• Data provided:
Content starts

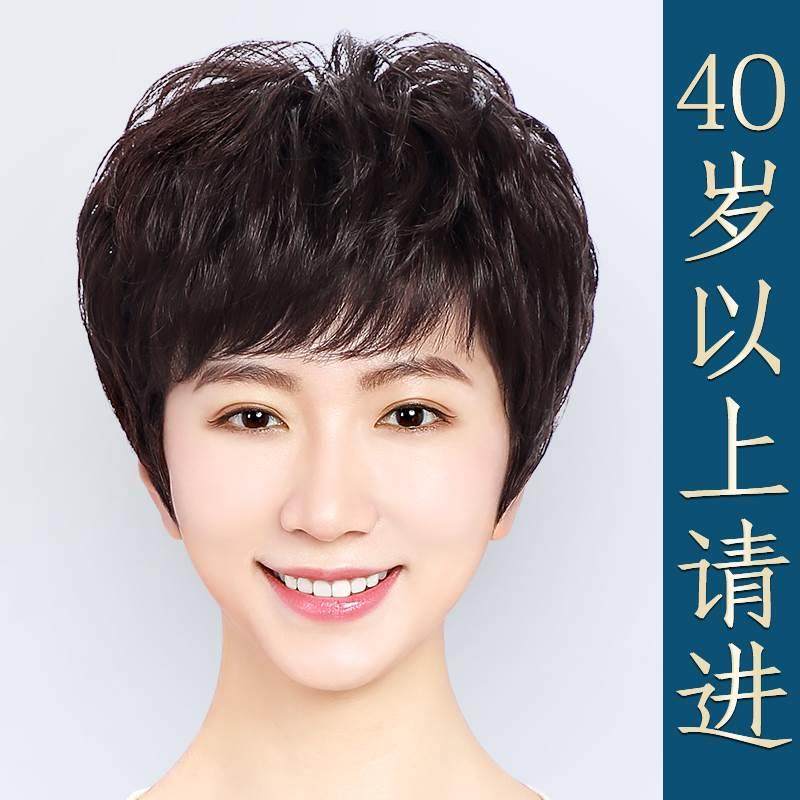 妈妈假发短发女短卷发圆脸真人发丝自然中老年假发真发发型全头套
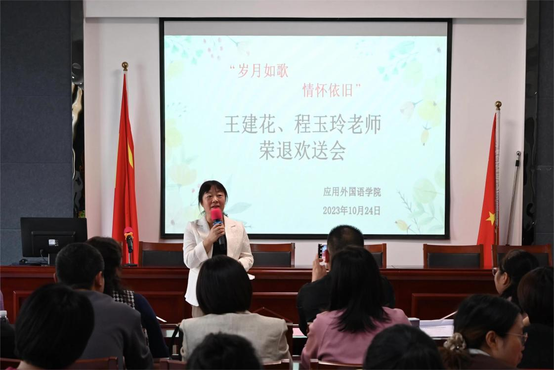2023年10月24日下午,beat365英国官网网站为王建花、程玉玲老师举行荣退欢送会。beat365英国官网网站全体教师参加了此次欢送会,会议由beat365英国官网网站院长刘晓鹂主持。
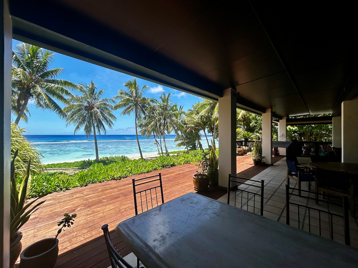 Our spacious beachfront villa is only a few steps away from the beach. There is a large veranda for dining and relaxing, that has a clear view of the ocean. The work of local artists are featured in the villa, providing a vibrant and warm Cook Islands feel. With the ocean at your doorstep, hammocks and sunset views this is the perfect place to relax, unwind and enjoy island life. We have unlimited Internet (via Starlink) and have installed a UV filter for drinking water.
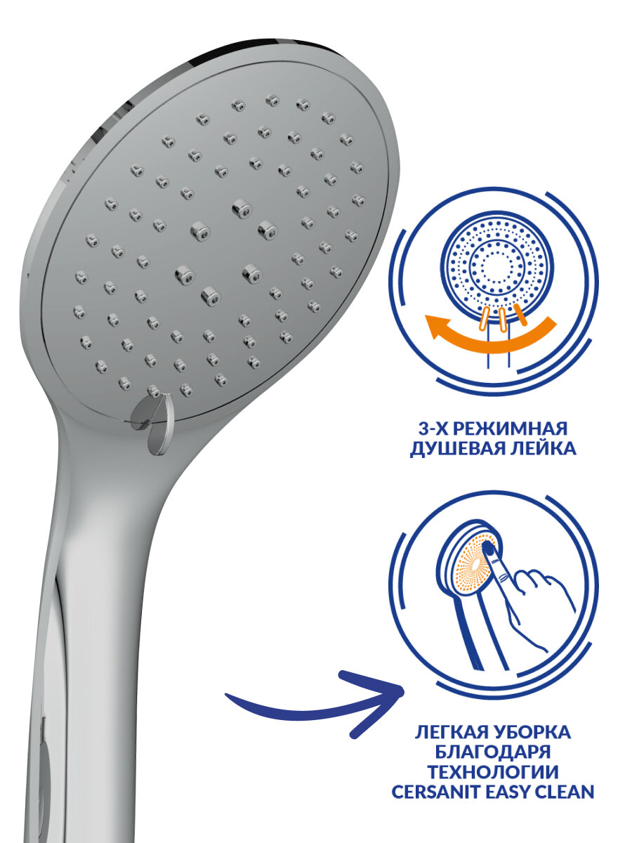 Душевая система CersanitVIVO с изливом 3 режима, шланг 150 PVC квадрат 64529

Content ends

• Required work:
Nothing but the text is wanted: repeat the data above exactly, without its images.

• Task response:
 妈妈假发短发女短卷发圆脸真人发丝自然中老年假发真发发型全头套
2023年10月24日下午,beat365英国官网网站为王建花、程玉玲老师举行荣退欢送会。beat365英国官网网站全体教师参加了此次欢送会,会议由beat365英国官网网站院长刘晓鹂主持。
 Our spacious beachfront villa is only a few steps away from the beach. There is a large veranda for dining and relaxing, that has a clear view of the ocean. The work of local artists are featured in the villa, providing a vibrant and warm Cook Islands feel. With the ocean at your doorstep, hammocks and sunset views this is the perfect place to relax, unwind and enjoy island life. We have unlimited Internet (via Starlink) and have installed a UV filter for drinking water.
 Душевая система CersanitVIVO с изливом 3 режима, шланг 150 PVC квадрат 64529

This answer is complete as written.